2 Dehydrator cost includes all appurtenances: vessel, support structure, valves, and piping.
Source: Van Air
Step 3: Estimate the capital and operating costs. Capital costs for single
vessel desiccant dehydrators suitable for gas production rates from 0.1 to 5
MMcf per day (including the initial fill of desiccant) range between $3,000
and $17,000. After determining the necessary vessel size (Step 2), partners
can use Exhibit 6 to determine the capital costs of a desiccant dehydrator.

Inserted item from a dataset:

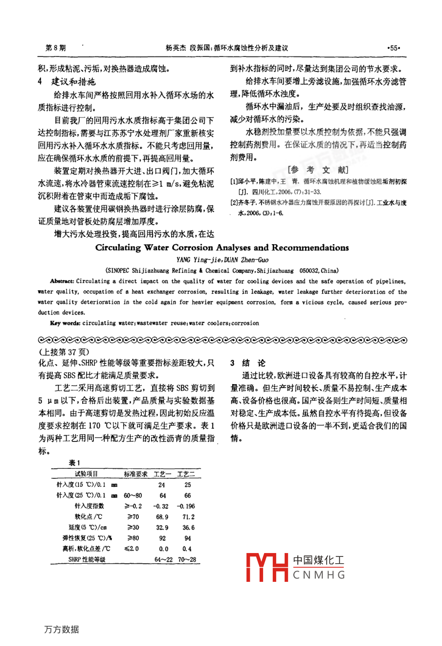 第31卷第8期的壯工VoL 31 Na 8循環(huán)水腐蝕性分析及建議楊英杰,段振國中國石油化工股份有限公司石家莊煉化分公司河北石家莊050032)摘要]循環(huán)水的水質(zhì)直接影響裝置水冷器及管路的安全運(yùn)行,水質(zhì)超標(biāo),對換熱器形成腐蝕造成泄漏泄漏進(jìn)一步使水質(zhì)惡化,惡化的水質(zhì)再對冷換設(shè)備加重腐蝕形成惡性循環(huán),嚴(yán)重時造成裝置停產(chǎn)[關(guān)鍵詞]循環(huán)水;污水回用:水冷器:腐蝕[中圖分類號]TQ085.4文獻(xiàn)標(biāo)識碼]B[文章編號]1003-5095(2008)08-0053-03中國石油化工股份有限公司石家莊煉化分公司02+2H0→40H催化車間循環(huán)水投用污水回用水以來從裝置冷卻器Fe*+ 2 OH-Fe(OH)2 4檢修的情況來看,有腐蝕加劇的趨勢,大多數(shù)情況是由于Fe(OH2的不穩(wěn)定性,在溶解氧存在的情況循環(huán)水側(cè)腐蝕,尤其是管板管子和焊縫腐蝕最嚴(yán)重,下有以下反應(yīng):許多管束的管板管子的焊縫產(chǎn)生裂紋。4 Fe(OH2+2 H 0+0 +4 Fe(OHD),冷卻水重復(fù)利用是節(jié)水減排的必然趨勢,但也不最終產(chǎn)生黑色的四氧化三鐵,其反應(yīng)如下:是無條件的。一方面在水的重復(fù)利用過程中,隨著水2 Fe(Odd,+ Fe(oHD). +4 H-O分的蒸發(fā),水中的溶解鹽類、懸浮固體及非揮發(fā)性有以上產(chǎn)物多數(shù)沉積于金屬設(shè)備的內(nèi)表面,形成了機(jī)物濃度逐步增大,超過一定濃度時在管道設(shè)備特宏觀上的腐蝕產(chǎn)物,呈現(xiàn)出大小不等的小鼓包清除別是在換熱面上發(fā)生結(jié)垢另一方面在水中有溶解掉腐蝕產(chǎn)物后,金屬表面上呈現(xiàn)出大小不等的凹坑氧存在的條件下,以鐵的陽級發(fā)生反應(yīng)可促進(jìn)形成有的呈點狀蝕坑有的呈潰瘍狀蝕坑嚴(yán)重者出現(xiàn)穿腐蝕電池造成嚴(yán)重的垢下腐蝕污垢覆蓋下的貧氧孔泄漏區(qū)與裸露的富氧區(qū)之間也能形成氧濃差電池使金屬1.1.2C02引起的腐蝕遭受局部腐蝕。反之,腐蝕也必然改變金屬的表明性C2的存在使水呈酸性在pH值降到7以下時,狀使結(jié)垢加劇。這樣,結(jié)垢腐蝕相輔相成相互促反應(yīng)可以生成H2,這樣腐蝕就可以不斷地進(jìn)行下去進(jìn)形成錯綜復(fù)雜的協(xié)同效應(yīng)影響甚至破壞生產(chǎn)系具體反應(yīng)如下:統(tǒng)的正常運(yùn)行。CO2+H0→H+HQ3H+2e→H2↑1腐蝕結(jié)垢的原因分析1.1電化學(xué)反應(yīng)過程的FeCO2腐蝕發(fā)生后,生成的Fe隨水流走,金屬在循環(huán)水處理過程中,大多數(shù)單位用自來水補(bǔ)表面沒有沉積的腐蝕產(chǎn)物,只能使設(shè)備的金屬表面不充而自來水中一般都溶解有一定量的Cl、O2、這斷變薄。些物質(zhì)都會與循環(huán)水設(shè)備形成原電池。1.2微生物腐蝕1.1.1氟引起的腐蝕循環(huán)水中鐵細(xì)菌硫細(xì)菌等微生物能加速電化學(xué)在含有C的水中,由于Cl所起的電荷轉(zhuǎn)移作腐蝕。鐵細(xì)菌將Fe氧化成Fe,硫酸鹽還原菌消耗用鐵原子失去兩個電子,變成二價鐵離子氧和水得H1,具體的反應(yīng)如下到電子而變成氫氧根離子,二價鐵離子與氫氧根離子Fe2→Fe+e結(jié)合生成氫氧化亞鐵具體的反應(yīng)過程如下:Fe-2e→Fe中國煤化工Fe+8°2+4H0[收稿日期]200804CNMHG條件有厭氧介質(zhì)、[作者簡介楊英杰1971-),男工程師從事設(shè)備管理工作.pH=5.5~85、水溫30~40℃;含有硫酸鹽、PO}、河北化工第8期Fe等無機(jī)物及有機(jī)物,循環(huán)水的條件和此吻合。格會增加設(shè)備的結(jié)垢速度。1.3成垢原因分析2.2氯離子濃度偏高,平均在600~700mg/L,最高天然水中溶解有各種各樣的鹽類,包括碳酸鹽、為945mg/L,氯離子起到促進(jìn)電荷轉(zhuǎn)移提高電化學(xué)硫酸鹽、硅酸鹽、磷酸鹽和氯化物等。通過對水垢的成腐蝕速度,還會形成奧氏體不銹鋼的晶間腐蝕凹分分析得出:導(dǎo)致天然水結(jié)垢主要是碳酸鹽和磷酸3目前存在的問題鹽,其具體的反應(yīng)過程如下3.1水凈化回用水問題ca(HCJ)2→CaC03↓+H0+CO2↑生化系統(tǒng)硝化反硝化反應(yīng)失調(diào)造成pH值偏低;當(dāng)循環(huán)冷卻水中溶解的重碳酸鹽較多時,水流經(jīng)電脫鹽排放的含鹽污水COD較高4000100g,t換熱器表面特別是溫度較高的表面時重碳酸鹽且產(chǎn)生的油渣很多,得不到及時有效處理造成浮選就會受熱分解;當(dāng)循環(huán)水通過冷卻塔時,溶解在水中運(yùn)行效果差,使生化及回用水COD偏高。的二氧化碳就會逸出,水的阻值就會升高,此時,重前期含硫污水汽提裝置運(yùn)行異常,造成凈化水氨碳酸鹽在堿性條件下也會產(chǎn)生CaCO2沉淀。當(dāng)水中溶氮偏高。凈化水回用電脫鹽然后產(chǎn)生上述含鹽污水。有適量的磷酸鹽時磷酸根將與鈣離子生成溶解度只該裝置于9月26~28日檢修,目前裝置已運(yùn)行正常,有0.1mg/幾的磷酸鈣沉淀:凈化水已達(dá)標(biāo)。2PQ+3Ca2-Ca2(PO2↓由于含油污水中氯離子濃度偏高,目前沒有處理循環(huán)水運(yùn)行前期投加有機(jī)瞬系列水穩(wěn)劑但由于手段,造成回用水氯離子濃度偏高,影響污水回用主運(yùn)行中頻繁投加含有活性氯的消毒劑致使阻垢劑水要是1罐區(qū)氯離子1800g/L,20萬四原油脫水解成正磷酸根,最終導(dǎo)致磷酸鈣在換熱器表面析出氯離子5143mg/L,重整污水497mg/L形成磷酸鹽垢對于監(jiān)測數(shù)據(jù),環(huán)保數(shù)據(jù)與水凈化數(shù)據(jù)有差別氧環(h

For the example given in Step 2, the capital cost of a 20-inch, single vessel
desiccant dehydrator is $6,500. For a two-vessel dehydrator, the cost would
be $13,000.
Installation costs typically range from 50 to 75 percent of the equipment
cost. Using an installation factor of 75 percent of the equipment cost, the
single vessel desiccant dehydrator described above would cost $4,875 to
install. The two-vessel dehydrator would cost $9,750 to install.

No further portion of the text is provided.